Much as I’d like to claim some prescient vision of the future, the fact that Dmitriy Malchanov and I participated in a webinar this week entitle “Pay TV’s Uncertain Future” and Apple’s re-launching of Apple TV are merely coincidental.
While many were expecting Apple to come out with a new version that would radically reshape the video consumption model, the new version of Apple TV is essentially the same as the older version with the addition of some key content partners, a reduced price and footprint. It is an innovative design–no shock there–and it definitely will appeal to Mac heads and a niche of the TV viewing audience.
However, I must diverge from an emerging thought stream including a blog from my colleague Benoit Felten that Apple has just sparked the fire that will eventually burn down the pay TV business and linear programming in the same way the iPod radically disrupted music. I’ll concede that for certain segments of the viewing audience the new Apple TV is yet another reason to rid themselves of the pay TV bill. I also will concede that in European markets where content on public broadcast stations dominant the ratings, there’s a compelling argument to be made that for those who don’t need or want to pay for live sports and are content to wait a few days for traditional linear content.

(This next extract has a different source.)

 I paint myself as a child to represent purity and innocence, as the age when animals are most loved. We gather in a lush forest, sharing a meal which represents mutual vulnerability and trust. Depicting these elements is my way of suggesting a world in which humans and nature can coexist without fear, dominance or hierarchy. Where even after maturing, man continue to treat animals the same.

Instead I believe Apple TV is just another nudge toward a market trend of U.S. consumers reducing their overall spending on pay TV. It is not a revolution that spells the end of the linear business in large part because Apple TV or any other retail set-top box can’t replace ALL of the content that consumers want. And based on the current configuration of media ownership, it’s not likely that they’re going to get a significant amount of content on a timely basis.

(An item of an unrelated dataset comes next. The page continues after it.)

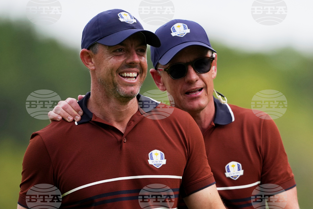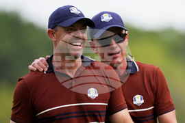 Europe captain Luke Donald and Rory McIlroy celebrates after a putt on the 15th hole at Bethpage Black golf course during the Ryder Cup golf tournament, Saturday, Sept. 27, 2025, in Farmingdale, N.Y. (AP Photo/Matt Slocum)

Getting Fox and ABC to sell shows a day after first airing a big step. Getting Netflix is nice but the number of retail STBs and gaming consoles that don’t carry Netflix streaming is vanishing. What’s missing is the other two big networks. CBS has been reticent to provide much content outside of its own site and NBC along with a massive “cable” network lineup is about to consumed by Comcast, which is highly unlikely to give anything up to Apple that further erodes the core business. This is to say nothing of the pressure pay TV operators will put on programmers during carriage fee negotiations.
There’s also an argument to be made that a move all on-demand viewing will further consolidate media and blunt creativity as consumers only focus and pay for what they find familiar but that’s a debate for another time.
In Yankee Group’s 2010 U.S. consumer survey, 17% of respondents said they never would cancel in favor of Internet-based options. That’s dropped slightly from last year but what’s most interesting is that among that group, an overwhelming majority said they won’t let go because of the breadth of content and ease of use.
While Apple TV, other retail STBs and gaming consoles have a lot of content, they don’t have the full gamut and aren’t likely to get it for some time. And ironic as it might sound, pay TV customer service is likely to be a competitive differentiator.